Na razie możemy czuć się zdrowi, żaden pieróg nie powinien nas otruć – komentuje sprawę starego mięsa sprowadzanego do Polski Powiatowy Inspektor Sanitarny. Dla pewności przeprowadza kontrole.
Krajowe media żyją ostatnio aferą 26-letniego mięsa, trafiającego na polskie stoły ze Szwecji. Jak się okazuje nie tylko media badają sprawę, stacje sanitarno-epidemiologiczne również. Choć Bochni nie ma w wykazie potencjalnych miast, do których mogło trafić mięso, sporządzonym przez Wojewódzką Stację Sanitarno-Epidemiologiczną w Krakowie, bocheńska stacja przeprowadza rutynowe kontrole.

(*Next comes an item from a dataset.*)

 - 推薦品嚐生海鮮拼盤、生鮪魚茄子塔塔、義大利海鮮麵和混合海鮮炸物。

– Właśnie jesteśmy w trakcie kontroli, sprawdzamy wszędzie gdzie się da, gdzie przypuszczamy, że podejrzany produkt mógłby trafić. Zakładów tych jest bardzo dużo i nie da się ich skontrolować w jeden dzień. Jak do tej pory wszystkie punkty gastronomiczne, które sprawdziliśmy nie miały i nie mają dostępu do tego mięsa. W wykazie miast, który dostaliśmy z Krakowa nie ma Bochni, ale na wszelki wypadek sprawdzamy – poinformował nas Powiatowy Inspektor Sanitarny, Stanisław Weiss.

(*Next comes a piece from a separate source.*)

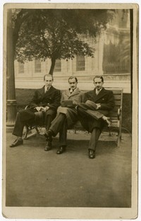 [Hombres con sombreros en una banca en plaza Vicuña Mackenna] [fotografía]. [Chile : [entre 1920 y 1930]. 1 fotografía : monocromo, gelatina sobre papel fibra ; 14 x 9 cm. .

Afera wybuchła kilka dni temu, jednak nielegalny proceder trwał już od trzech lat. W tym czasie tysiące puszek z mięsem sprowadziła krakowska firma Inex, która nawet nie ma prawa sprzedawać żywności w Polsce. Towar ten zakupiło 12 firm produkujących żywność i wyroby garmażeryjne, które faszerowały nim pierogi, gołąbki, kiełbasy, pieczeń rzymską czy mortadelę.
Po prostu s………..o !!!!!!!!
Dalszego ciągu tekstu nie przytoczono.